The 21-year-old Binghamton University student from Mahopac, N.Y., died over spring break after a 17-month bout with brain cancer. Despite leaving school for months at a time for surgery, radiation and chemotherapy, he survived five months longer than predicted because he was young and a fighter, doctors said.

“He was always happy, always making people happy,” Leung’s mother Eillie Leung said. “He was in very good spirits. Didn’t complain at all, even until the last day.”

On a trip to New York City, 10-year-old Leung once asked Mimi Yudianto, a long-time friend of Leung’s mother, if he could stop in a supermarket. He wanted to use his savings money, not for himself but for an anniversary gift for his grandparents. He bought them roasted pig.

“He was caring and kind, always helpful,” Yudianto said. “He was willing to go out of his way for everyone.”

Leung transferred here from Westchester Community College in spring of 2006. He wanted to follow in his father’s footsteps and study electrical engineering.

Good friend Sean Chang said he and Leung would spend some nights scrambling to catch up on procrastinated work.

“We hung out all the time playing Wii video games and with Nerf guns,” Chang, a BU senior majoring in history and politics, philosophy and law, said. “Some Fridays and Saturdays, we’d stay up playing wiffle ball in the halls in Marcy Hall.”

When his friend’s car broke down on the way back from a school break, Leung, as usual, reached out a helping hand.
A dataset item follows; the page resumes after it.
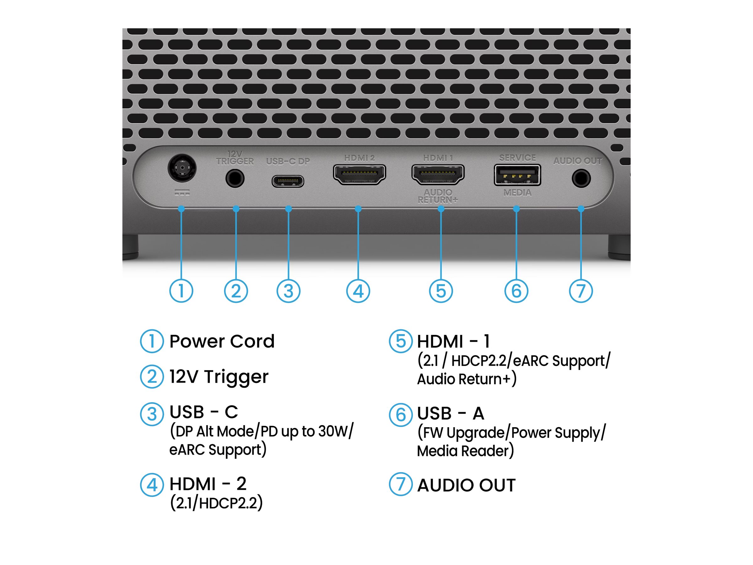 | Egenskaber | 2D keystone justering, 98 % Rec.709 dækning, Cinema Mode, HDR biograf tilstand, Bright Mode, FPS-tilstand, HDR10 kompatibilitet, HDR10+ kompatibilitet, Hybrid Log-Gamma (HLG), RPG tilstand, 5 ms input lag (1080p/60Hz), Enhanced Audio Return Channel (eARC) |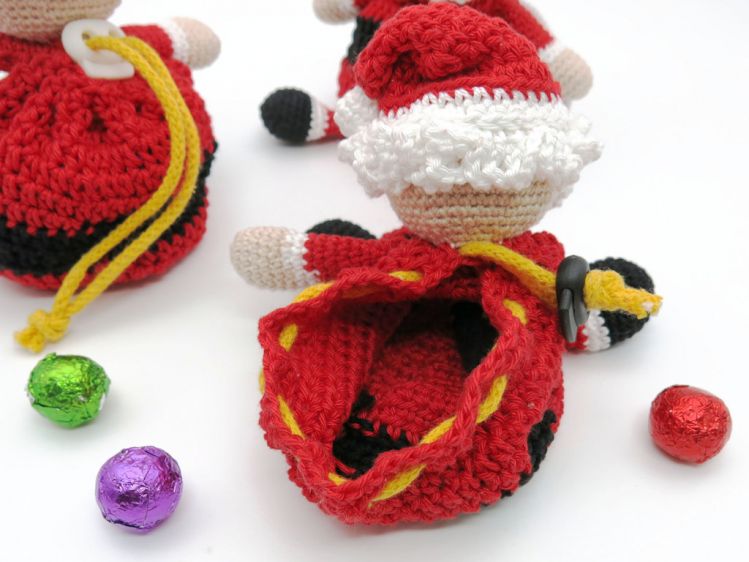 Diese niedlichen Weihnachtsmann-Beutel lassen sich mit Süßem oder anderen kleinen Überraschungen befüllen.

He drove four hours round trip in the middle of the night to pick up his friends and return them to campus.

“He was one of the most happy-go-lucky people I ever met,” Chang said. “One of the nicest people.”

Leung had an older sister, who graduated from BU, and a younger sister. Growing up he liked anime, “Family Guy” and the Food Network, according to his mother. Fast food at Taco Bell and White Castle were among his favorites.

Leung liked sports such as baseball and wrestling. In high school he joined the high school Italian club, and he organized and participated in a breast cancer walk.

He was diagnosed in November 2007 with pineal glioblastoma cancer. While recovering from an operation last autumn, the BU student couldn’t resist caring for Yudianto. Whenever he’d see her, he’d still ask if she needed anything to eat or drink.

“He didn’t let his illness change the way he was,” Yudianto said.